__INFORMATION PROVIDED__
%%

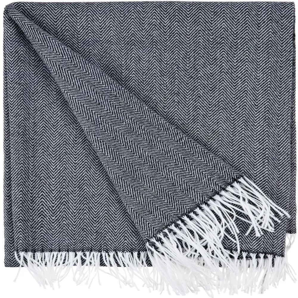 Классический рисунок «елочка» не слишком привлекает внимание, но в то же время добавляет изюминки. Смешанный состав пряжи продлевает срок службы и существенно облегчает уход за пледом.
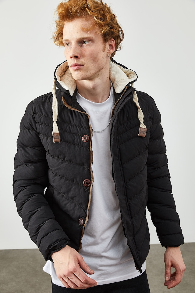 XHAN Siyah Kapüşonlu Şişme Mont 0YXE4-44076-02
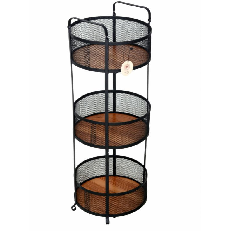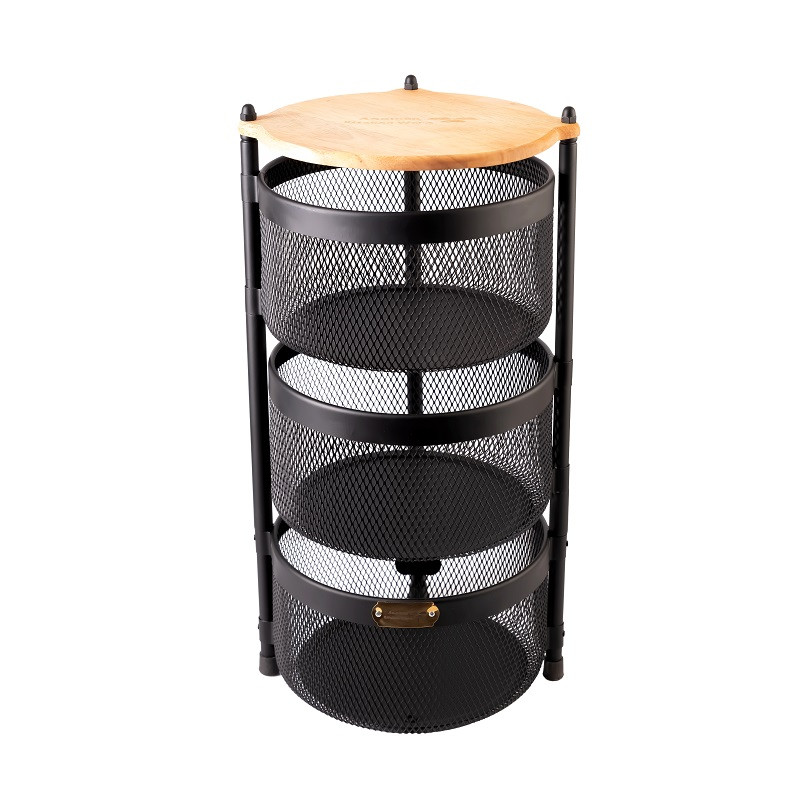 سبد سیب زمینی و پیاز آسمان مدل سه طبقه توری گرد چوبی متحرک کد 412

%%

__EXERCISE__
Set down all of the material word for word, minus its pictures.

__EXPECTED OUTPUT__
 Классический рисунок «елочка» не слишком привлекает внимание, но в то же время добавляет изюминки. Смешанный состав пряжи продлевает срок службы и существенно облегчает уход за пледом.
 XHAN Siyah Kapüşonlu Şişme Mont 0YXE4-44076-02
 سبد سیب زمینی و پیاز آسمان مدل سه طبقه توری گرد چوبی متحرک کد 412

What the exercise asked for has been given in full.